盛靈淵抱著雙臂靠在牆邊,聽得真真切切的,似笑非笑地瞅著大言不慚的鳥。

肖徵猶豫了一下:「社會制度不一樣了,職位確實是不可能給他恢復了,不過生活上還是可以……」

「要不你們給他倆高爾夫球場,讓他重建個度陵宮得了——快別扯淡了,為這事還耽誤時間開會討論,可真有你們的。」宣璣替盛靈淵大包大攬,「他煩死度陵宮了,做夢都懶得夢見,睡橋洞也不樂意睡那。生活也不用管,我照顧他。當年人家末代皇帝不也就拿份工資,該幹什麼就幹什麼嗎?他……」

盛靈淵插嘴說:「我也要。」

宣璣:「嗯?」

肖徵聽見動靜,連忙緊張地問:「什麼?」

「工資。」盛靈淵使了個「傳音」,聲音逼成一線,隔著半間屋,直接順著手機傳到了肖徵耳邊,「他不定性,老喜歡亂買東西,天天手頭緊,月月首尾難顧,現在想在半空買間雞籠都……」

宣璣倏地轉身一擺手,翻出的掌風打斷了盛靈淵的傳音,捂住話筒:「不是,他普通話不行,口頭表達經常出現各種匪夷所思的歧意,你理解到‘要工資’那段就行了,後面那軲轆是亂碼哈。」

肖徵:「……寫封建迷信軟文廣告賺外快的是哪位?」

宣璣怒道:「不是,這老王到底是鯉魚還是鯰魚,什麼物種啊他,嘴怎麼那麼大呢?這也給我宣傳得滿世界都知道,我不要臉嗎!」

肖主任震驚道:「您老還有這種訴求?」

肖徵跟宣璣說話之前,其實是做了很久的心理建設的——天天互相損的狗逼基友搖身一變,成了看守赤淵的大妖,還活了足足大半部文明史那麼長。

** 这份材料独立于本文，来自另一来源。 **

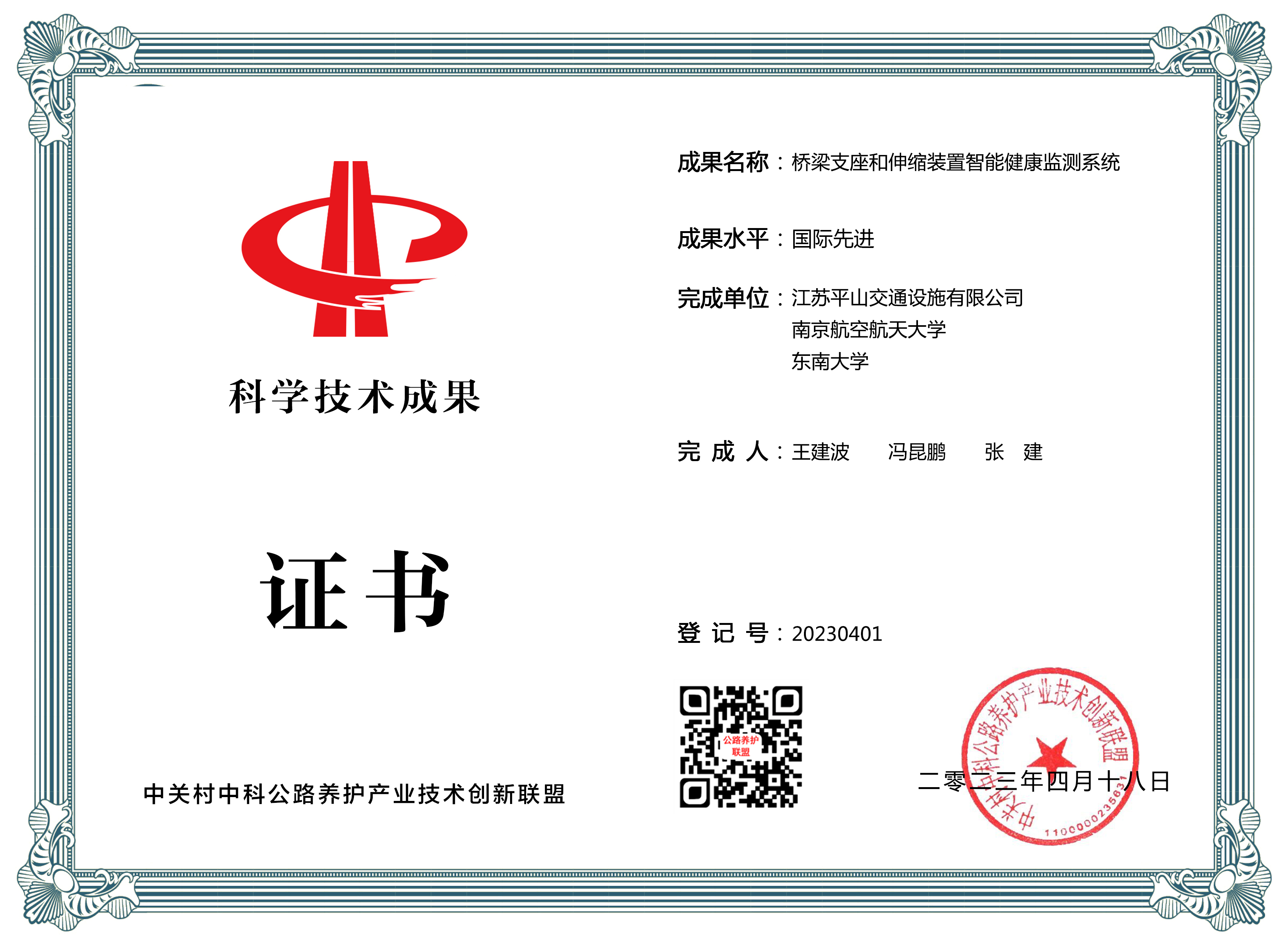 据介绍,《桥梁支座和伸缩装置智能健康监测技术》开发了桥梁支座压缩变形、剪切变形、倾角、盆圈变形和结构振动多传感终端,研制了桥梁支座智能监测系统,解决了我国桥梁支座多参数综合智能监测的技术难题,实现了我国桥梁支座监测手段向智能化数字化的转型提升;开发了桥梁模数式伸缩装置自由变位、主要构件承载力、中梁断裂、胶条漏水、横风预警的多传感终端,研制了桥梁模数式伸缩装置智能监测系统,也解决了我国桥梁模数式伸缩装置多参数耦合智能监测的问题,为我国大跨桥梁模数式伸缩装置监测提供了数智手段;开发了低功耗的边缘计算技术和多端监测平台APP软件,研制了云计算与风险智能预警平台,实现了桥梁支座和伸缩装置全状态监测,为桥梁健康监测、风险预测评估、寿命分析和科学养护提供了支撑。该项成果由集团公司旗下江苏平山交通设施有限公司、南京航空航天大学、东南大学联合研究。

肖徵總覺得自己是連夜加班加得腦缺氧,做夢似的。他把外勤執法記錄儀裡拍到的,宣璣在清平鎮拉長弓射影人的影片反覆看了幾遍。影片記錄裡拍到了宣璣一張側臉,鮮紅的妖異族徽下,那張好似雕琢過的臉神色冰冷,視線凝固在箭尖上,像個從描繪古戰場的壁畫上扒下來的神祇剪影,肖徵不由得懷疑自己之前到底是怎麼跟他相處的。撥通宣璣電話之前,肖徵深呼吸幾次,開場白說得拘謹極了,措辭比第一天跟領導彙報工作還正式……結果三言兩語被宣璣拐回了「正軌」。

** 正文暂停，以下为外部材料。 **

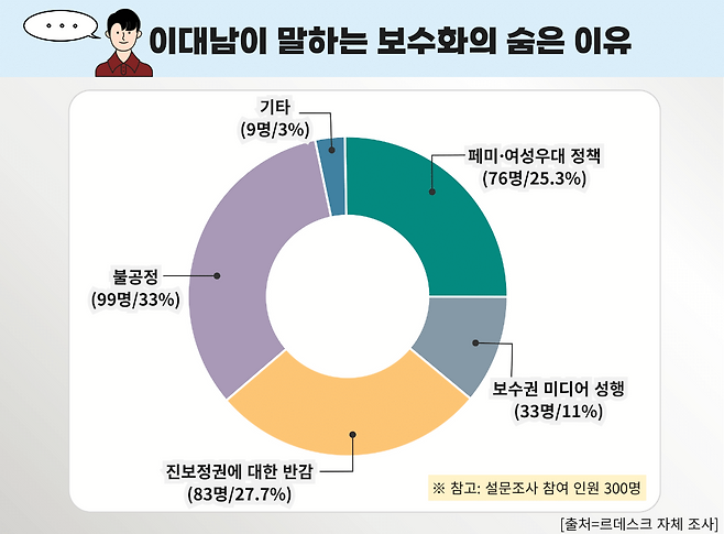 르데스크가 20대 남성 300명을 대상으로 진행한 설문조사에 따르면, 응답자의 33%가 보수정당을 지지하는 이유로 ‘불공정’을 꼽았다. 이어 진보정권에 대한 반감(27.7%), 여성우대정책(25.3%), 보수 미디어의 영향(11%)이 뒤를 이었다.

隔著電話,宣璣依稀又是當年嗑著小龍蝦的小青年,「路見不平,遂幫倒忙」,有他就沒個太平。

神影是他,大妖是他,添亂和幫忙一樣多的垃圾同事還是他。

肖徵心裡一輕,說話順溜多了:「我們現在在全網封查妖王像,明天打算在全國的特能中間釋出取締通告,上一批信這玩意的人剝下的人皮還沒晾乾呢,我看他們誰敢再供這東西。至於內鬼……」

肖徵頓了頓,聲音低沉了下去:「畢春生使用的陰沉祭和你描述的古代大陰沉祭有一定區別,古代大陰沉祭對操作者的要求更高,但畢春生使用的陰沉祭則是對條件要求更苛刻——比如要求祭品死亡時間和月相對應,我覺得這應該是因為她個人能力不夠,所以才會需要更嚴苛的條件作為輔助。」

這是很容易理解的,就像一些只考過c2照的新手司機開不了手動擋的車一樣,開車的技術少一塊,就只能靠車了。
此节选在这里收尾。